*EXERCISE GOAL*:
Could you transcribe exactly the lines below, from the line with "This Ikan lighting" through the line with "A lack of accountability", and nothing else, leaving out the pictures?

*RECORDED DATA*:
* * * * * * *

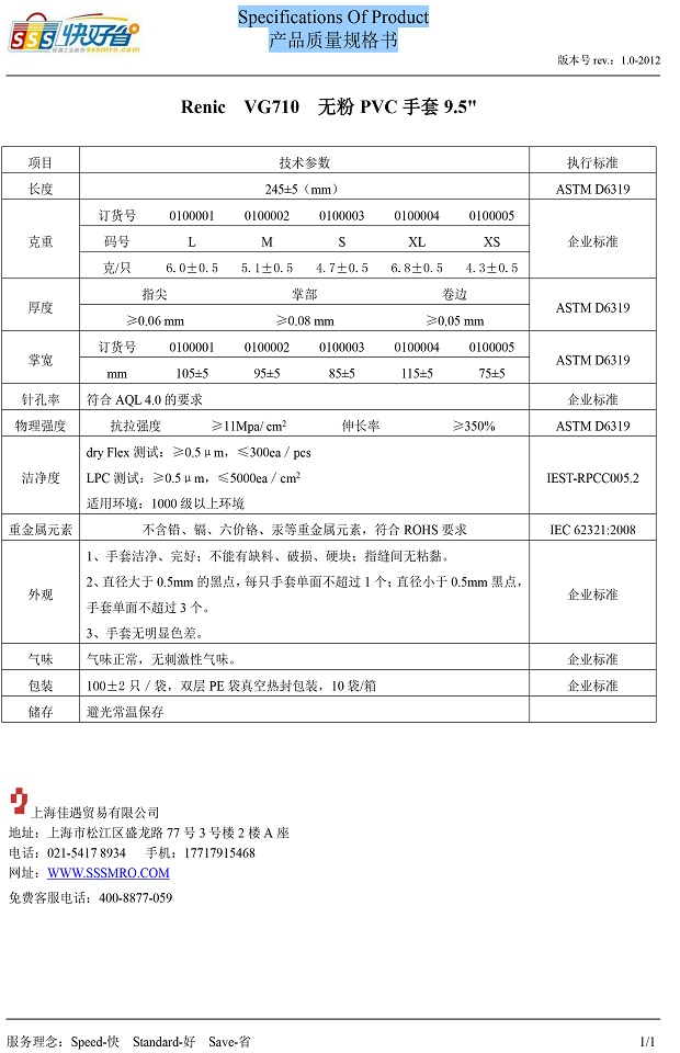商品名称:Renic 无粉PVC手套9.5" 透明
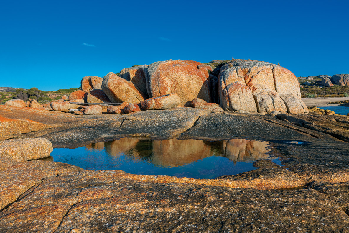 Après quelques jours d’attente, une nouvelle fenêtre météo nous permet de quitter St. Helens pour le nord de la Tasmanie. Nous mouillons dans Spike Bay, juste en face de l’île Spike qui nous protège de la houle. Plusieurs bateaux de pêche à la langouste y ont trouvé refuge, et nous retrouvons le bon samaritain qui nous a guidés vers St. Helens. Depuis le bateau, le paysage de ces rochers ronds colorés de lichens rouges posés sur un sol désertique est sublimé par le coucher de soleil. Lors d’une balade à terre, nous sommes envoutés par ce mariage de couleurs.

* * * * * * *

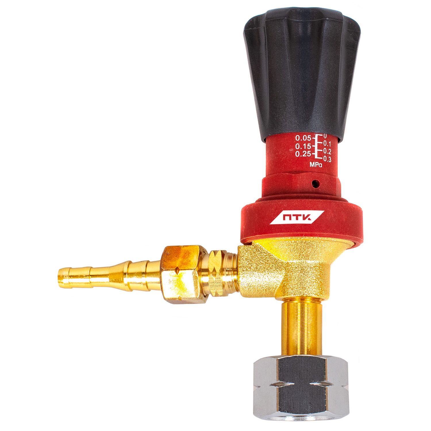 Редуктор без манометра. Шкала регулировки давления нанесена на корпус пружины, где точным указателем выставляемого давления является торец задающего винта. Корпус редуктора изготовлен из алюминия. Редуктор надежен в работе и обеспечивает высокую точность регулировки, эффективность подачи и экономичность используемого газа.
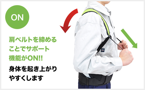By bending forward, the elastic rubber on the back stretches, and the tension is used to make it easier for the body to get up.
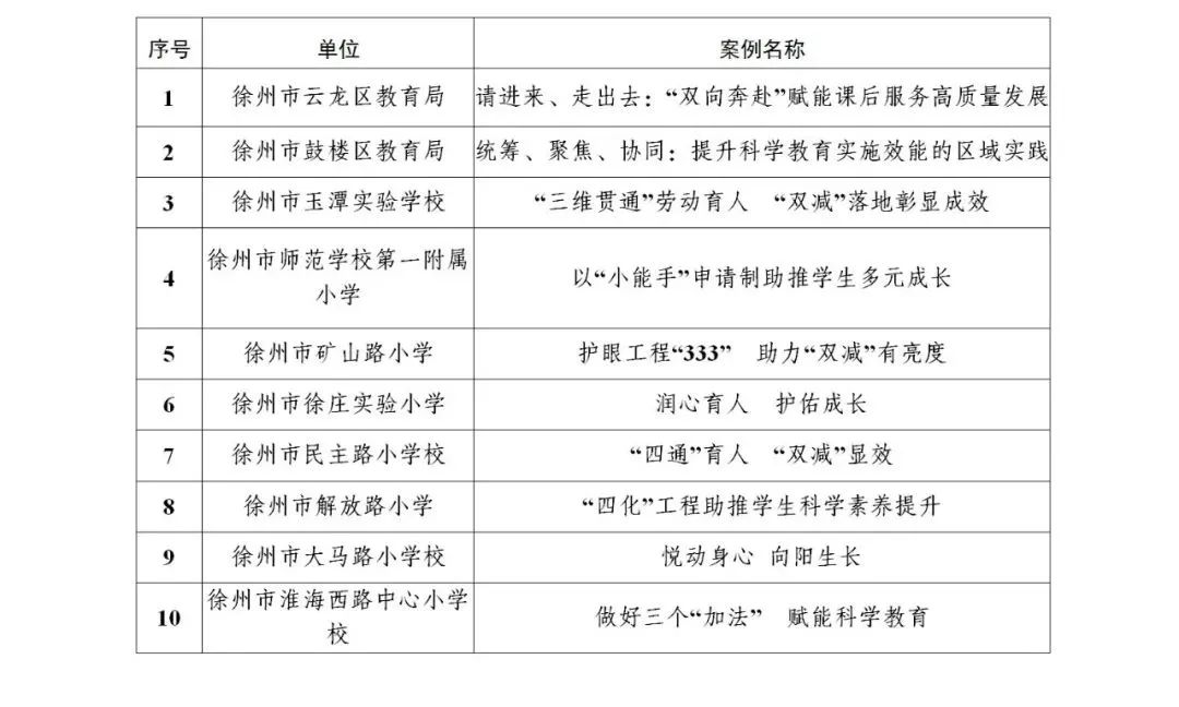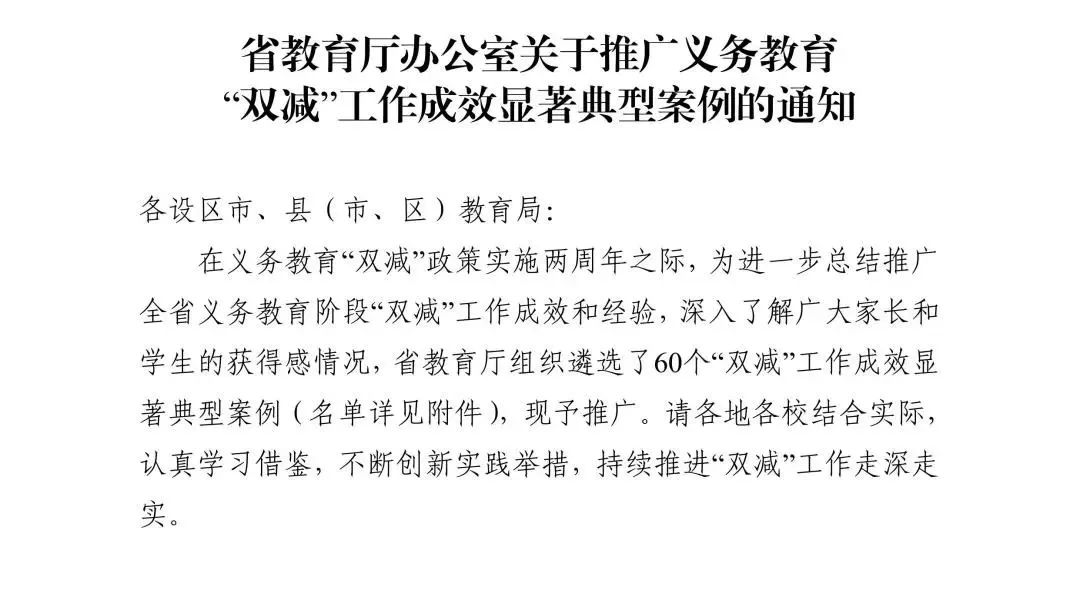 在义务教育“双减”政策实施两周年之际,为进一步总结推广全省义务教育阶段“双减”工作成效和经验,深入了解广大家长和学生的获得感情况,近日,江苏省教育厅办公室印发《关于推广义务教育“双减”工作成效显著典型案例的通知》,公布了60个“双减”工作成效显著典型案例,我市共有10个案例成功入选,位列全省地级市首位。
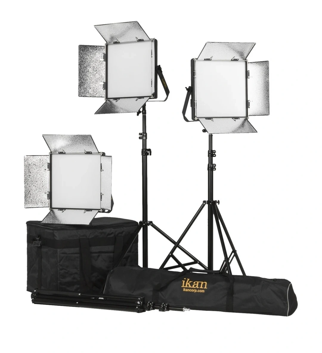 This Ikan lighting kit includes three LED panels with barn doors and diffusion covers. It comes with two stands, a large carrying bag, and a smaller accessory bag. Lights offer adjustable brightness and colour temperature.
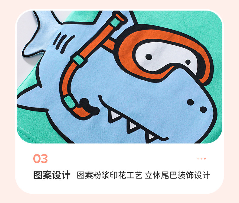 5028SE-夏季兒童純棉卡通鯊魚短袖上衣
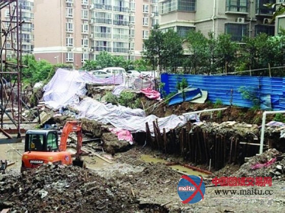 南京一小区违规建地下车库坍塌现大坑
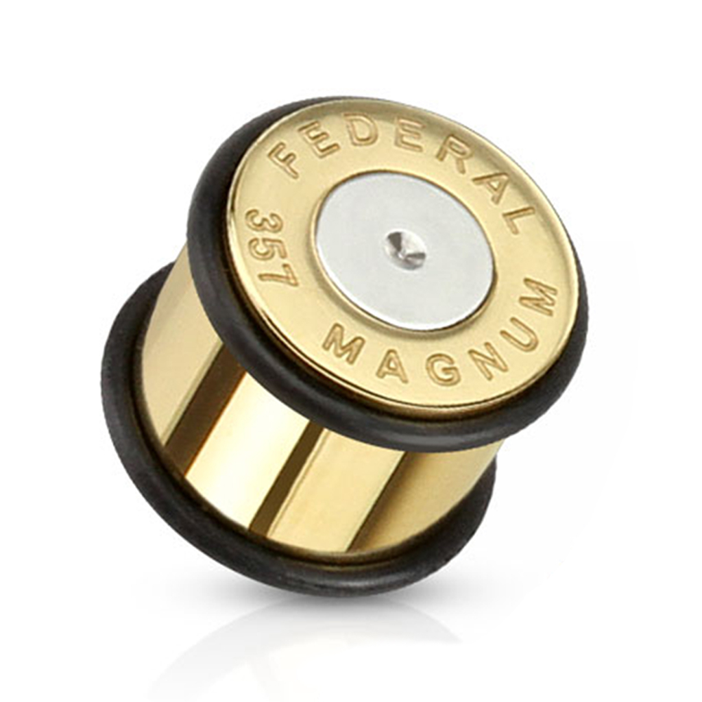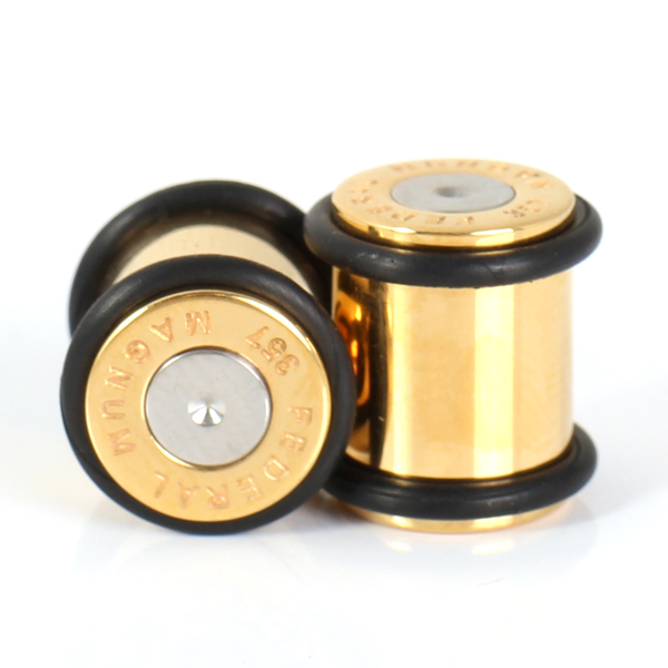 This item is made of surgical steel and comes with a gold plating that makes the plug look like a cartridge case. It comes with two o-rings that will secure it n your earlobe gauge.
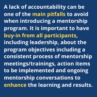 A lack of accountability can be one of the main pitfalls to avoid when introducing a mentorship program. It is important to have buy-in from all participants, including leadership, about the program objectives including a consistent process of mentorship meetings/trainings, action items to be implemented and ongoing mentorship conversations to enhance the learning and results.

* * * * * * *

*EXERCISE SOLUTION*:
 This Ikan lighting kit includes three LED panels with barn doors and diffusion covers. It comes with two stands, a large carrying bag, and a smaller accessory bag. Lights offer adjustable brightness and colour temperature.
 5028SE-夏季兒童純棉卡通鯊魚短袖上衣
 南京一小区违规建地下车库坍塌现大坑
 This item is made of surgical steel and comes with a gold plating that makes the plug look like a cartridge case. It comes with two o-rings that will secure it n your earlobe gauge.
 A lack of accountability can be one of the main pitfalls to avoid when introducing a mentorship program. It is important to have buy-in from all participants, including leadership, about the program objectives including a consistent process of mentorship meetings/trainings, action items to be implemented and ongoing mentorship conversations to enhance the learning and results.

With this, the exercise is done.